Banker Lincoln Mali gives advice on how to lead through Covid-19 storm

Head of group card and emerging payments for Standard Bank, Lincoln Mali, said mental and physical health needed to be a priority for all staff.
Head of group card and emerging payments for Standard Bank, Lincoln Mali, said mental and physical health needed to be a priority for all staff.
Image: Supplied

We are all in the same storm but not in the same boat — and as a leader you need to understand what boat your staff are in, what boat your suppliers are in, and what boat your clients are in, urged banker Lincoln Mali.

The head of group, card and emerging payments for Standard Bank was speaking at a business webinar hosted by the Nelson Mandela Bay Business Chamber, in partnership with The Herald and Standard Bank.

He said on Monday that while South Africans slowly rebuilt their lives during Level 3 of the lockdown, citizens should remember that the virus was not gone.“We are co-living with a deadly virus,” he said.

Mali, who was born in Port Elizabeth, said he had been in lockdown for the last three months on a farm in East London.

Luckily, he was able to conduct all his meetings virtually.

And even though he had nowhere to go, every day he put on a suit and tie, much to his family’s amusement.

Every day for two months he would also send a short video clip to his staff — mostly working from home — to try to motivate them.

“Your mental and physical health should be your top priority during this time.”

While many called it the “new normal”, Mali said he liked to refer to life with Covid-19 as the “new abnormal”.

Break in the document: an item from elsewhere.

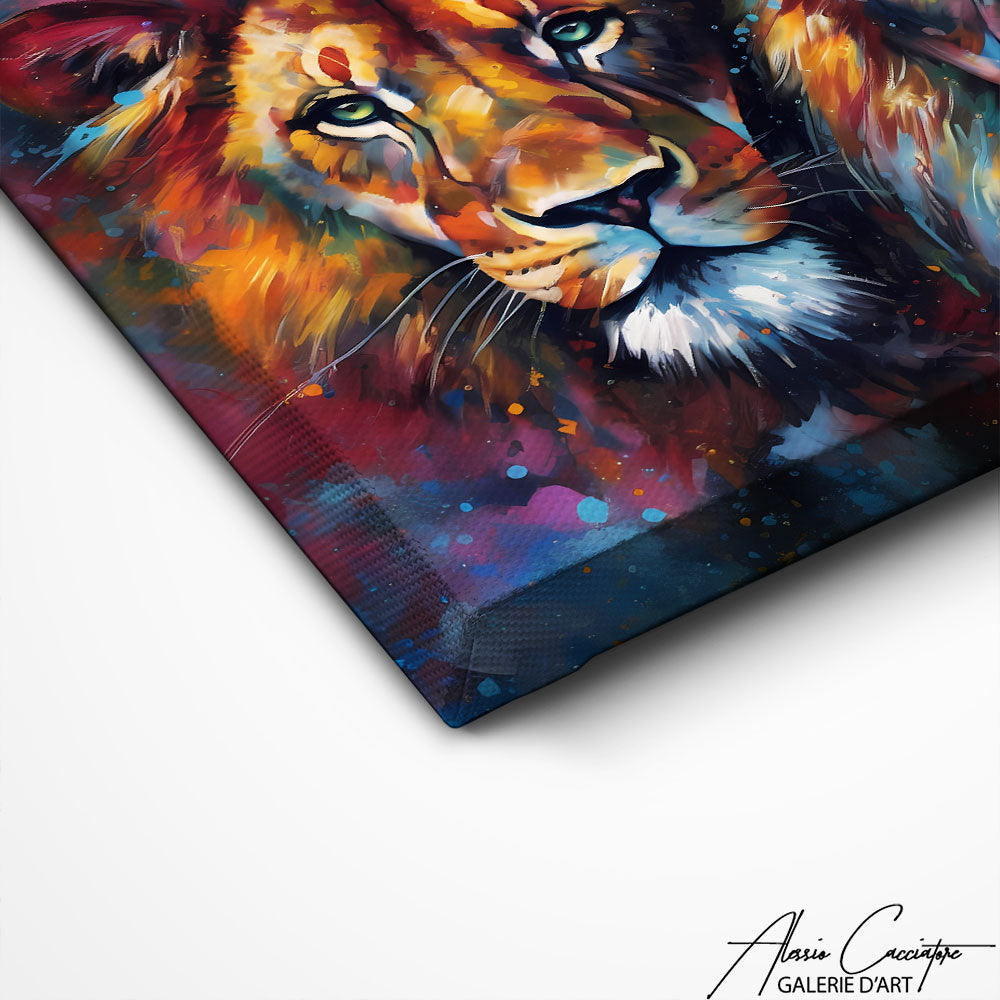 Transformez votre espace de vie avec ce superbe tableau de lion et lionne, fabriqué avec les matériaux les plus fins pour un aspect et une sensation de luxe pur. L'oeuvre qui donnera du caractère et de la profondeur à votre pièce.

“Many staff members are working from home and it is possible for them to be very productive.

“I have meetings with people all over the world sitting in my home. I must not yearn for a time to be back in the office because it is unlikely to happen this year.”

He said parents were working with their children at home and online schooling was a big challenge for most.

“So how can you help your employees through this as a leader? You have to project a positive message. You must build a message of hope.”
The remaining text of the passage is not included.